(Beginning of Provided records)
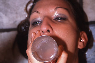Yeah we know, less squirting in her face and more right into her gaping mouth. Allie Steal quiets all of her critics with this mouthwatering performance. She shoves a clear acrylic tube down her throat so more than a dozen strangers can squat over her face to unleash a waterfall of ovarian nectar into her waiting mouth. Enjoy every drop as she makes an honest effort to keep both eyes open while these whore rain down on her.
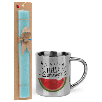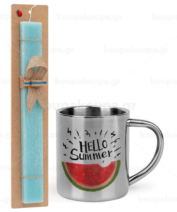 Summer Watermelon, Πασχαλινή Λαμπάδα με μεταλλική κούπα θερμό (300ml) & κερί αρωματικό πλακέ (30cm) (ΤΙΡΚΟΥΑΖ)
(End of Provided records)
(Beginning of Provided records)
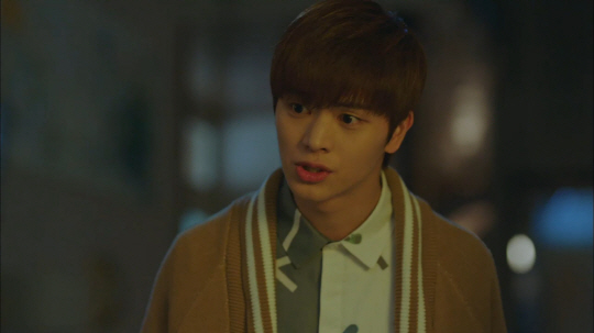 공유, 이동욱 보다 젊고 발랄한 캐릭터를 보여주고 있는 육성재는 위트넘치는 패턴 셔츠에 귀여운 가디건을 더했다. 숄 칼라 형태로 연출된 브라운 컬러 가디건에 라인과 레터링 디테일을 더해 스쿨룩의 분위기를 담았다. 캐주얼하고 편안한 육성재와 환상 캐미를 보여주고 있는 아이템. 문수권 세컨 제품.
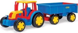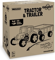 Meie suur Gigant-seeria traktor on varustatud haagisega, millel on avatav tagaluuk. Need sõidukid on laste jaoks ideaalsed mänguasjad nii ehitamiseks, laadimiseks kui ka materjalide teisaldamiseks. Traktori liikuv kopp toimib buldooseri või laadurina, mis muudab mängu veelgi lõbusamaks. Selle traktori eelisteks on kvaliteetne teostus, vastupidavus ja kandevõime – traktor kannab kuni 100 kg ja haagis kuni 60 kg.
(End of Provided records)
(Beginning of Provided records)
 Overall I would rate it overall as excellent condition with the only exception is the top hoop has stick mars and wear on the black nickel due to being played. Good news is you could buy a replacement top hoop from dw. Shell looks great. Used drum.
(End of Provided records)
What to work on
Pictures do not belong in the answer. Return the lines above starting at the one with "Yeah we know, less" and ending at the one with "Summer Watermelon, Πασχαλινή", both kept, exactly.

Answer below
Yeah we know, less squirting in her face and more right into her gaping mouth. Allie Steal quiets all of her critics with this mouthwatering performance. She shoves a clear acrylic tube down her throat so more than a dozen strangers can squat over her face to unleash a waterfall of ovarian nectar into her waiting mouth. Enjoy every drop as she makes an honest effort to keep both eyes open while these whore rain down on her.
 Summer Watermelon, Πασχαλινή Λαμπάδα με μεταλλική κούπα θερμό (300ml) & κερί αρωματικό πλακέ (30cm) (ΤΙΡΚΟΥΑΖ)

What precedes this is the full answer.